Oh, well, someone’s still making money.

It took a little Google digging but here it is, the actually number – “Over the past two years, the number of unemployed has jumped by 8.4 million to 15.7 million,” according to the “One Ugly Jobs Report” story in the Seeking Alpha a Internet site.

In the shooter’s brief biography, The Washington Post reported Major Hasan“attended the Muslim Community Center in Silver Spring and is devout, according to Faizul Khan, former imam at the center.

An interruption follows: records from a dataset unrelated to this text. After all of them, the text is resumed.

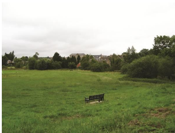
View over Harper's Brook from Bridge Street

Buildings facing the field to the south of Harper's Brook along Park Walk and Bridge Street, are mainly is totally rural in character, and many have spacious gardens which are visible from the road.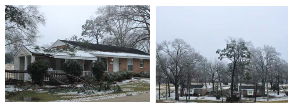
A mammoth tree fell on one of the staff offices during the ice storm. Luckily, the damage was minor and Boswell's grounds crew was able to remove the tree and limbs in the following days.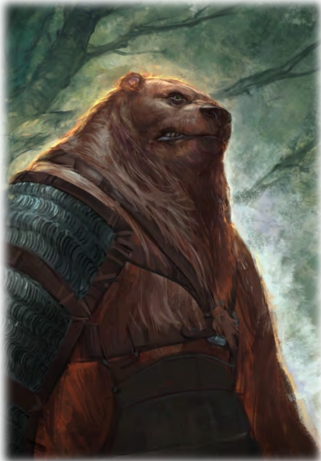
Illustration by Tuncer Eren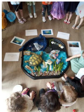
Discussing plastic pollution!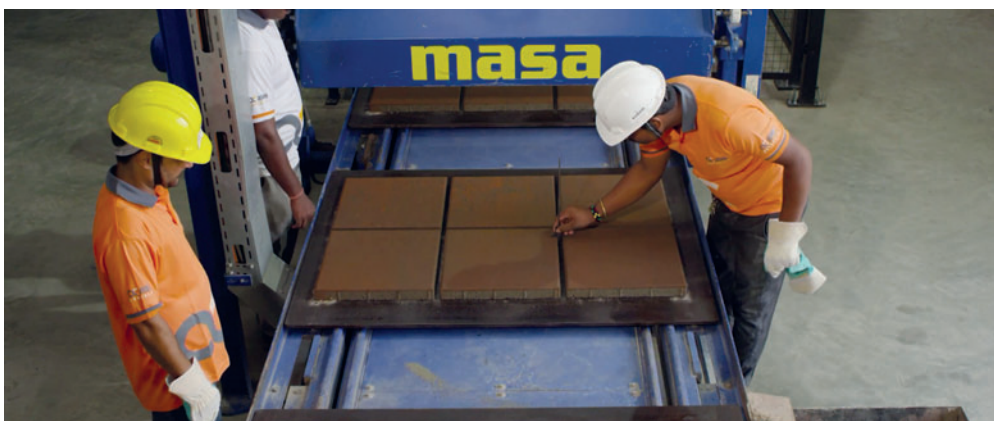
Manual quality control of the freshly produced concrete slabs

He attended prayers at least once a day, seven days a week, often in his Army fatigues, Khan said.

The Army psychiatrist treated soldiers suffering from what experts discovered once again, with great pain, from the invisible wounds of war, creating identification, “Post Traumatic Stress Disorder.” 

Nearly a century and a half ago, when in America brothers fought and killed brothers, Union and Confederates were said to have “a soldiers’ heart,” much kinder words then than being called a coward, a stain that to this day remains. 

As proof, I found an article on the Civil War Forum Internet site dated, June 16, 2009, oddly I found the day of the birth of this U. S. Army Vietnam War veteran.

In a discussion of the history of PTSD, a reporter asked Secretary of Defense Robert Gates whether the military would consider awarding combat soldiers mentally wounded. 

And yesterday, today and for some time, thousand of American civilians will pick up a bit of delayed stress from being glued on their TVs, laptops, I Phones and PCs watching the aftermath of the massacre at Fort Hood.

Then CNN broke into their news with a live address by President Obama, our Commander in Chief.  After a moment of reflection about the Army armor massacre at Fort Hood, what he called one of the worst mass killings in the history of America’s military, the President went on to talk about the sick state of the economy, and expanding unemployment rates and home mortgage benefits.

It’s nearly noon now, the day after the Army armor massacre, but already it appears America’s back to business as usual after a deadly interlude the President called “horrific.”

Early news reports today say the devout Muslim major didn’t want to go to Iraq to fight his forefathers. 

“Well Hasan, all I can say now is you aren’t alone. 

I know a lot of soldiers that don’t want to go leave their jobs, families, loved ones, either.  Go off again and again to war, maybe die or return home maimed.

I do know those who survive will never be the same. 

And I ask myself, ‘Where is the end of this gruesome, chaotic game?’”

And, as I tire of writing this depressing story, I wonder whether after one o’clock this morning I heard a report on CNN that Hasan is the son of Palestinians who fled war in their homeland to live peacefully in Jordan

I do find it interesting that the American born alleged mass killer grew up in Arlington, Virginia in the shadow of our nation’s national cemetery -

And in my mind I could see seas of white crosses on those rolling green slopes, a fusion of beauty and sadness, to mark the final resting place of our brave soldiers.  Just after noon now, after red Thursday, I remember my brothers, those living and dead from another war.